Structural studies of rare-earth activated cubic boron nitride micropowders

Abstract

Rare-earth (RE) activated cBN-based materials were produced as cBN–Tb, cBN–Ce, cBN–Eu, and cBN–Tm micropowders with 0.1 at.% RE in HPHT conditions. Their X-ray diffraction spectra are compared with those of a standard unactivated cBN micropowder. It is established that structurally cBN–RE materials are interstitial solid solutions based on interstitial solid solutions because there is initial distortion in the unactivated cBN due to its nonstoichiometry. The atomic displacements in the cBN crystal lattice caused by interstitial RE ions are calculated from XRD reflection intensities. The displacements correlate with the cBN lattice distortions evaluated from the regularly nonlinear relationship between the cBN–RE lattice parameters (calculated for each reflection) and the Nelson–Riley function, unlike the unactivated cBN micropowder where this relationship is linear. The degree of nonlinearity depends on the RE content of cBN and the size of RE ions and can correlate with larger shifts of the (111), (220), and (331) reflections toward smaller angles, compared with the shift of (331).

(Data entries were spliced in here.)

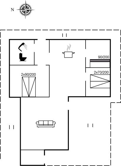 Der er i alt 3 soveværelser. Sovepladserne fordeler sig på: 4 sovepladser i dobbeltsenge. 2 sovepladser i køjeseng. Derudover er der 1 stk. barneseng.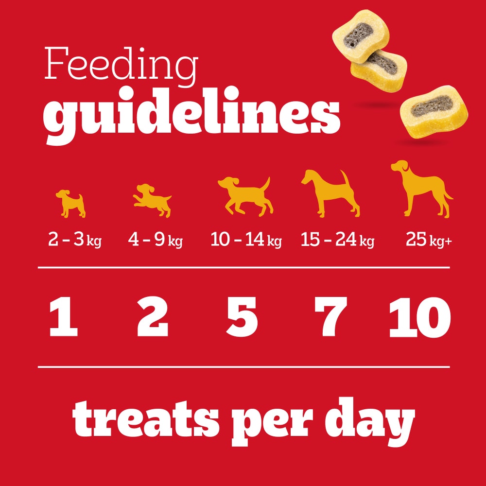 • PEDIGREE® Tasty Bites dog treats are dog chews that contain Omega 3 to help keep them fit for life, vitamins to help their natural defences and minerals like calcium to help give them strong bones.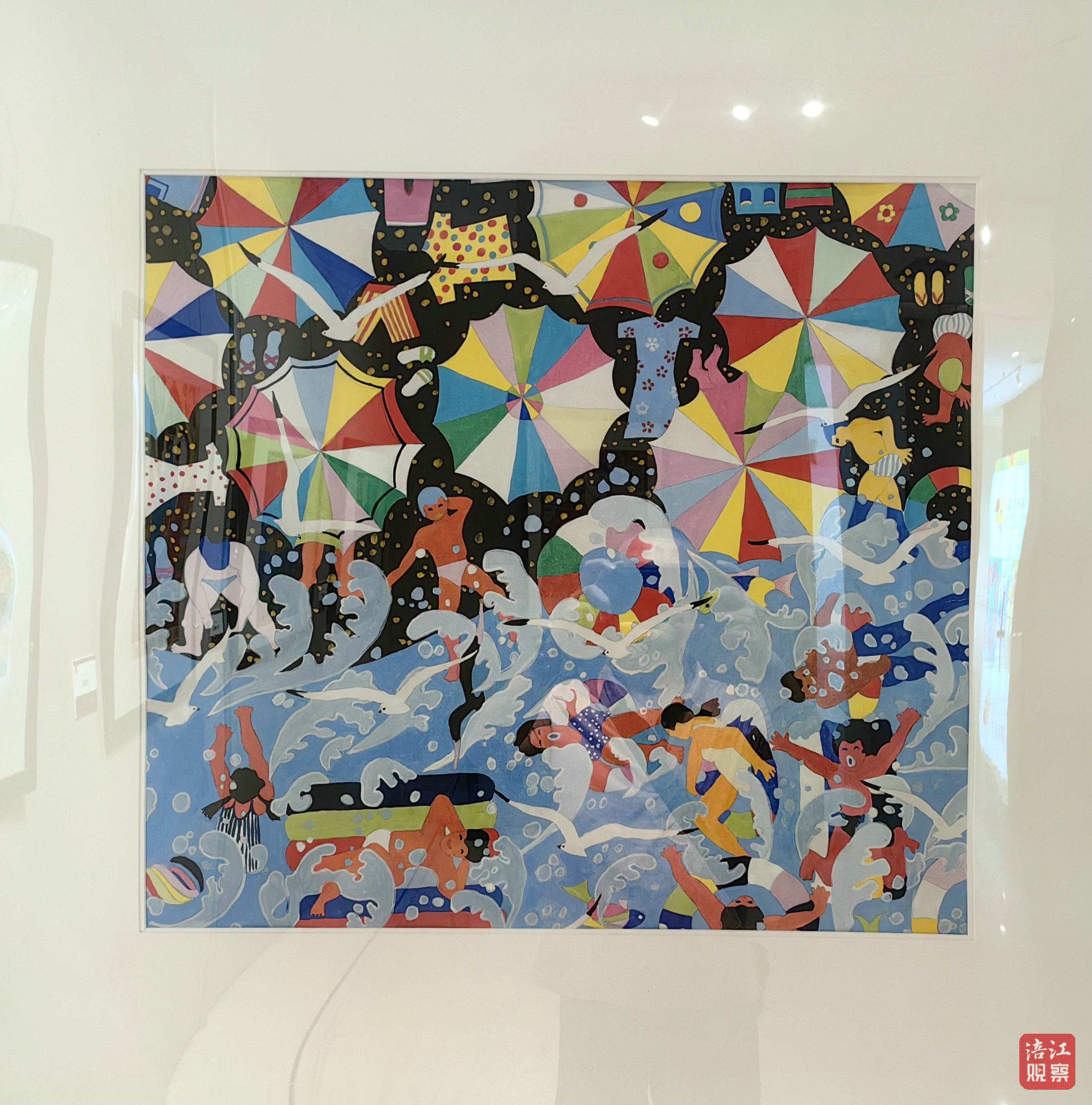 展覽的作品內(nèi)容豐富、構(gòu)圖飽滿、色彩艷麗,風(fēng)格自然活潑、浪漫稚拙,表達(dá)出人們追求幸福美好生活的樸實(shí)情感。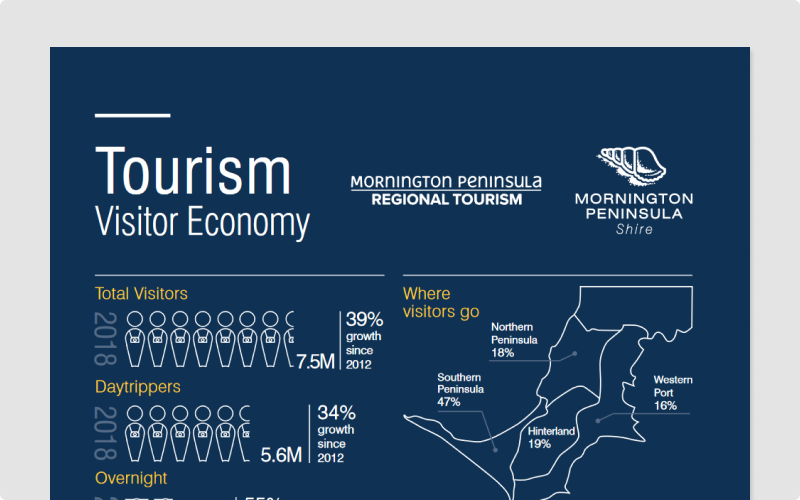 The information presented provides a snapshot of the Mornington Peninsula Visitor Economy. It highlights key results from the 2019 Mornington Peninsula Visitor Journeys Report. Data available includes; number of visitors, visitor contribution to expenditure, impact on tourism jobs as well as visitor behaviour.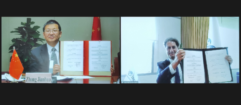 6月7日,中國國家能源局局長章建華在北京以視頻形式會見國際可再生能源署(IRENA)總干事弗朗西斯科·卡梅拉,雙方共同簽署《中國國家能源局與國際可再生能源署諒解備忘錄》。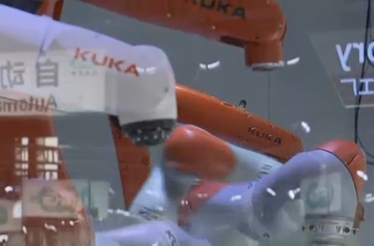 在智能及高端装备展区,备受瞩目的莱昂纳多AW189直升机,已完成螺旋桨安装,以完整的姿态呈现在展台上。尖端技术的动态展示,是该展区参展企业的也主流表现方式。工业机器人龙头企业库卡的展台,摆上了整条未来概念的"智慧工厂"生产线,工程师们正在进行最后调试。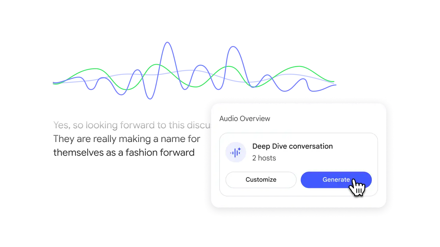 Your AI research and thinking partner, grounded in the information that you trust, complete with Audio Overviews to listen and learn on the go – now included in all Workspace plans.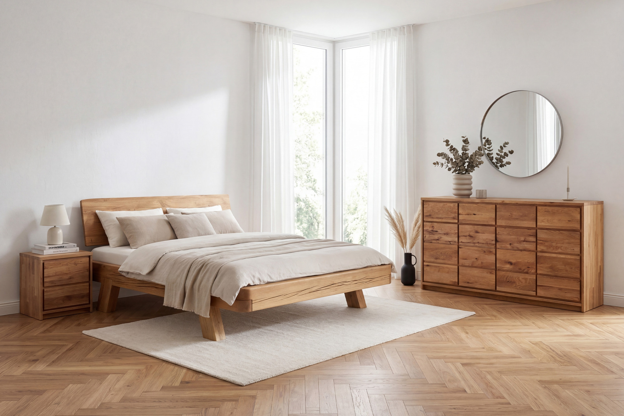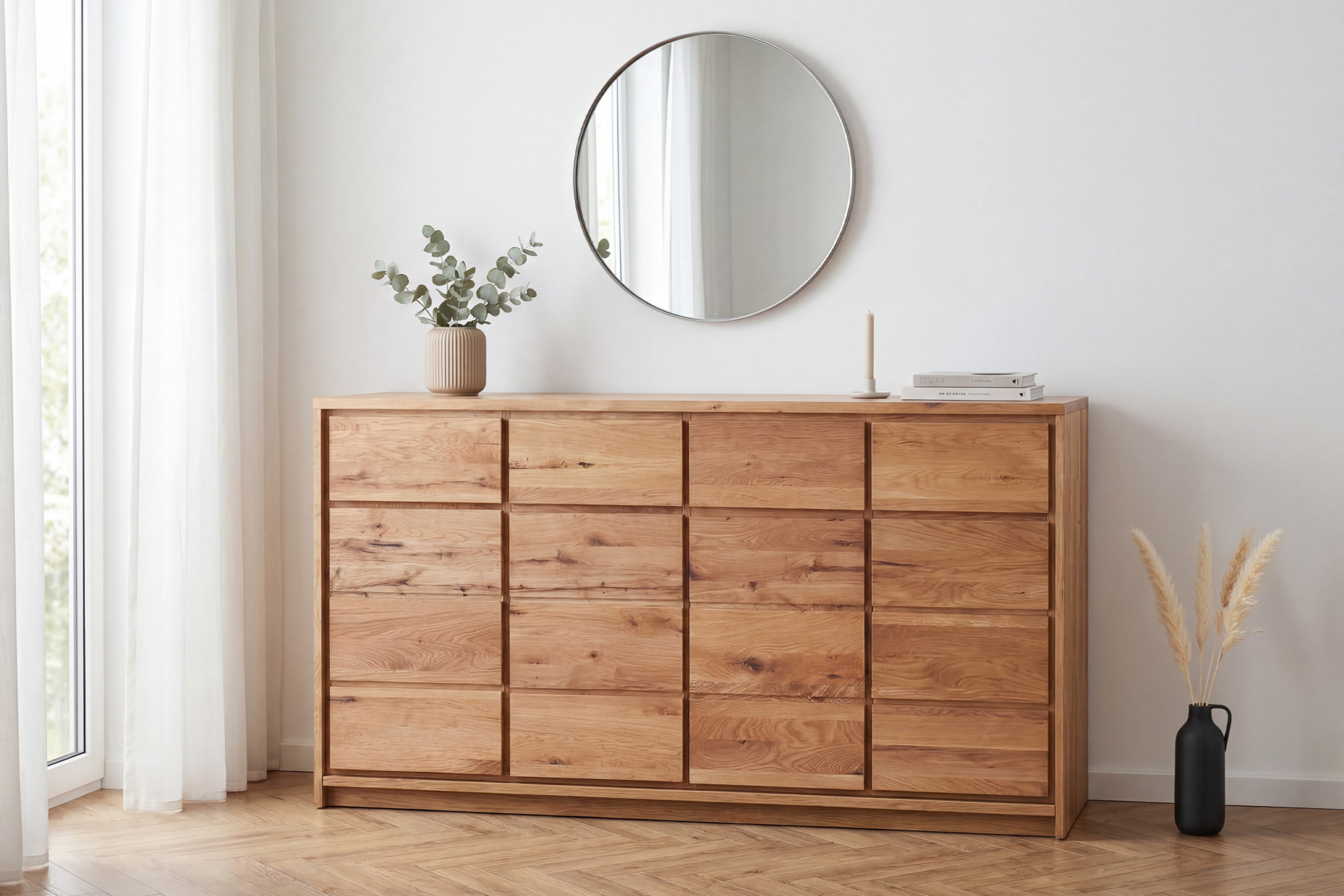 Hmotná vrchná doska z masívneho duba slúži zároveň ako elegantná odkladacia plocha pre dekorácie, sviečky či rámiky s fotografiami. Povrch celej komody je ošetrený prírodným olejom, ktorý vyživuje drevo, chráni ho pred opotrebením a zvýrazňuje jedinečnú štruktúru divokého duba. Konštrukcia je celomasívna – žiadna dyha ani MDF – čo zaručuje výnimočnú odolnosť a stabilitu na desiatky rokov. Komoda sa dodáva kompletne zložená, po doručení ju stačí iba umiestniť na vybrané miesto a okamžite začať využívať.

The XRD and Raman spectra of cBN micropowders with 0.1 at.% RE of the same kind reveal no stacking faults in the crystal lattice. However, it is not improbable that such faults might form in cBN in which the concentration of RE of one kind is higher than 0.1 at.% or there are different kinds of RE ions. The latter is supported by the TO–LO splitting in the Raman spectra of cBN–Ce–Tb (~0.1 at.% RE) micropowders, which has never been observed in cBN. The RE concentration in cBN is no higher than 0.1 at.%, which is less than that (10 at.% Er) in cBN nanopowders achieved so far by another scientific group using the plasma method. Therefore, studies aimed at obtaining light-emitting materials based on cBN will be continued to reach higher luminescence of RE ions in cBN. Since no data have been previously provided on the crystal structure of light-emitting materials based on RE-activated cBN, it is concluded that structurally new cBN-based materials have been produced.